Quizá fuera él uno de los más indicados para afirmar con vehemencia: «Fidel es un hombre de tan enorme personalidad que en cualquier movimiento donde participe, debe llevar la conducción».
A ello se suma –al decir del Che– su condición de ser que representa «un continente con el solo pedestal de sus barbas guerrilleras», de «fuerza telúrica» que el futuro se encargaría de colocar en su justo peldaño, y de «conductor de hombres» que posee, «como nadie en Cuba, la cualidad de tener todas las autoridades morales posibles para pedir cualquier sacrificio en nombre de la Revolución».
Fruto de esa amistad verdadera el héroe de Santa Clara, cuando parte hacia las tierras que reclamaban el concurso de sus modestos esfuerzos, escribe la carta de despedida a Fidel, y a Cuba entera: «…si me llega la hora definitiva bajo otros cielos, mi último pensamiento será para este pueblo y especialmente para ti».
Con certeza absoluta afirmaría el Comandante en Jefe en la velada solemne realizada en su nombre en la Plaza de la Revolución, el 18 de octubre de 1967, que si se quiere «un modelo de hombre, un modelo de hombre que no pertenece a este tiempo, un modelo de hombre que pertenece al futuro (…) ese modelo es el Che».
De la admiración que sentían mutuamente podrían escribirse muchas cuartillas.
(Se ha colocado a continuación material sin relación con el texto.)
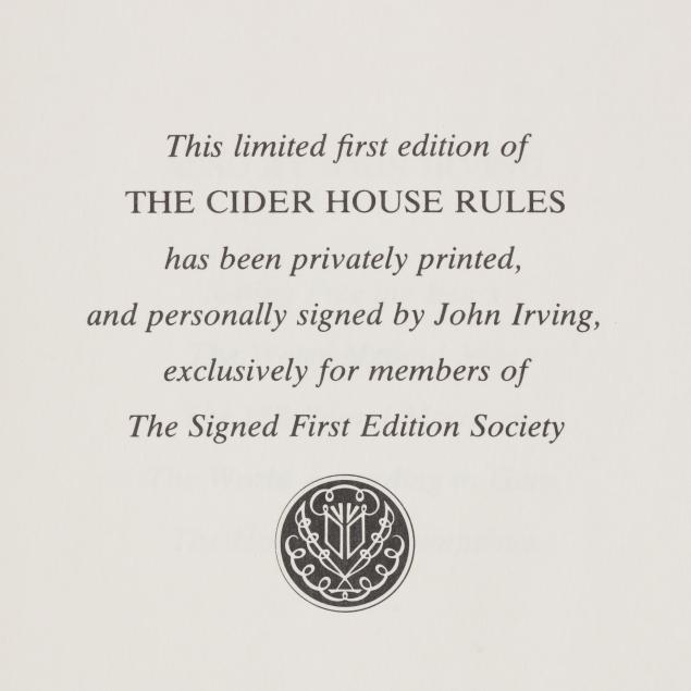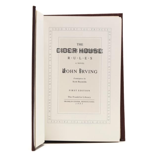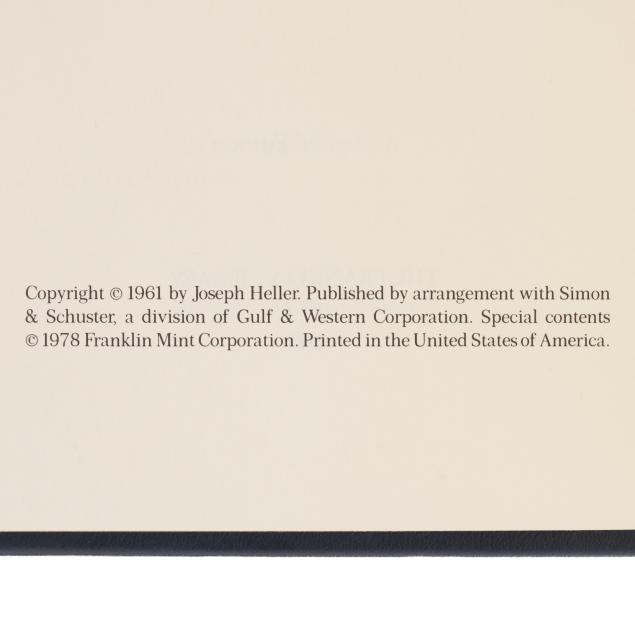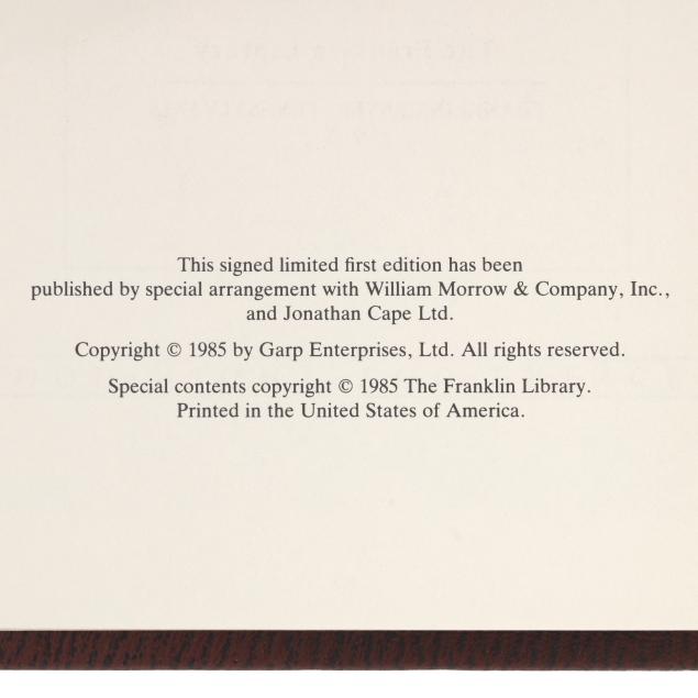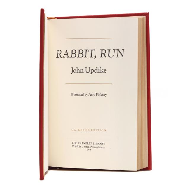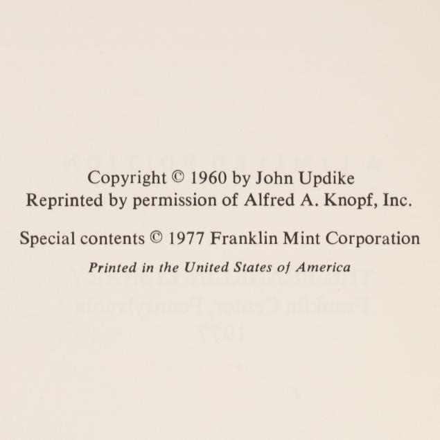 Franklin Center, PA: The Franklin Library, 1977-98; all 8vo and bound in gilt-decorated full leather with raised bands on the spine, decorative paper or moire endpapers, satin ribbon bookmark, and all edges gilt. To include: (5) books signed by the author as part of the Signed First Edition Society series, including one in slipcase; (10) author-signed limited editions, including books by Joseph Heller, John Updike, John Fowles, and others; and (5) unsigned books including three from the 100 Greatest Books of All Times series, one from the Pulitzer Prize Classics series, and one from the 100 Greatest Masterpieces of American Literature series.

La tiranía del espacio atenta contra estas. Pero unas palabras resumen lo que hoy puede decirse de ambos, y es lo que suscribiera Fidel en el discurso de inhumación de los restos del Che y sus compañeros de guerrilla: «está librando y ganando más batallas que nunca». Porque en ellos, no cabe duda, se encuentra el principio de todos los empeños revolucionarios, y también sus más preclaros fundamentos.